## ASSIGNED TASK
Repeat the data verbatim, images excluded.
DATA BELOW Block Start
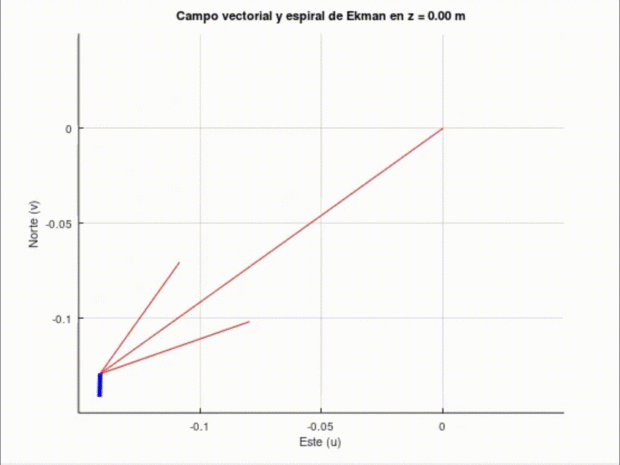 title(sprintf('Campo vectorial y espiral de Ekman en z = %.2f m', z));
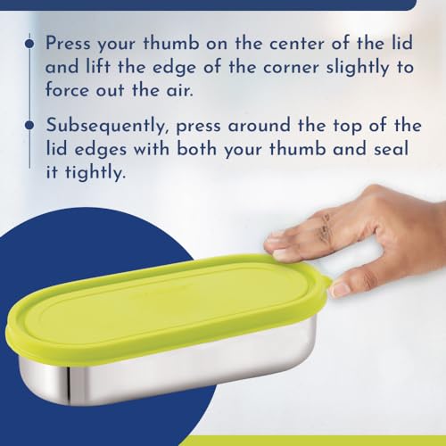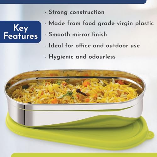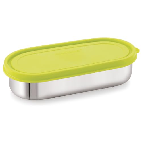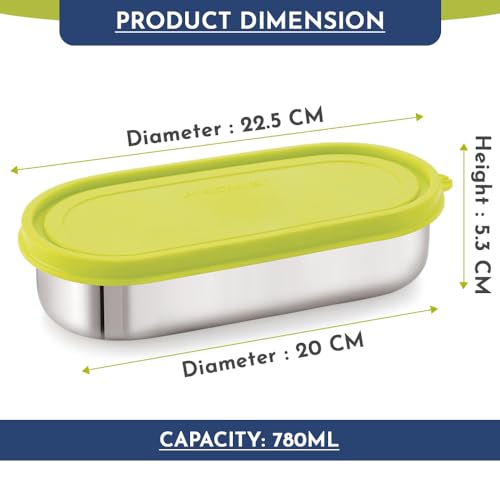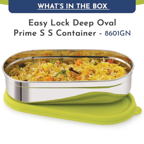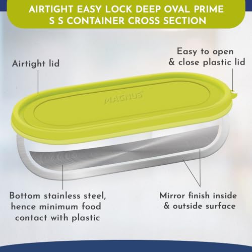 HomeKitchenContainersLunch BoxesMagnus Easy Lock Deep Oval Prime Deep Container, Stainless Steel, Airtight & Leakproof Lid & Container, For School, Office Picnic, Ideal for Men,Women and Kids (Green,780ml)
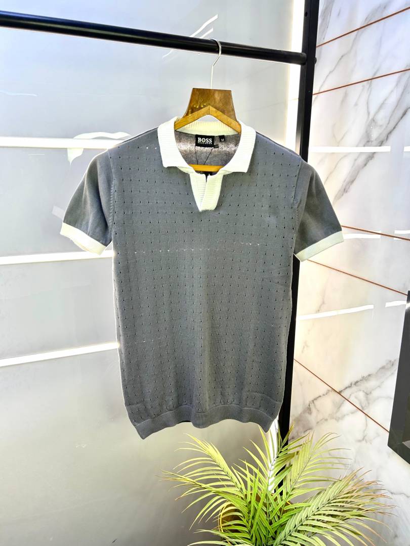 Boss Knitted Polo Grey Super Premium Collar Neck T-shirt F2754-GY
DATA BELOW Block End
## EXERCISE RESULT
 title(sprintf('Campo vectorial y espiral de Ekman en z = %.2f m', z));
 HomeKitchenContainersLunch BoxesMagnus Easy Lock Deep Oval Prime Deep Container, Stainless Steel, Airtight & Leakproof Lid & Container, For School, Office Picnic, Ideal for Men,Women and Kids (Green,780ml)
 Boss Knitted Polo Grey Super Premium Collar Neck T-shirt F2754-GY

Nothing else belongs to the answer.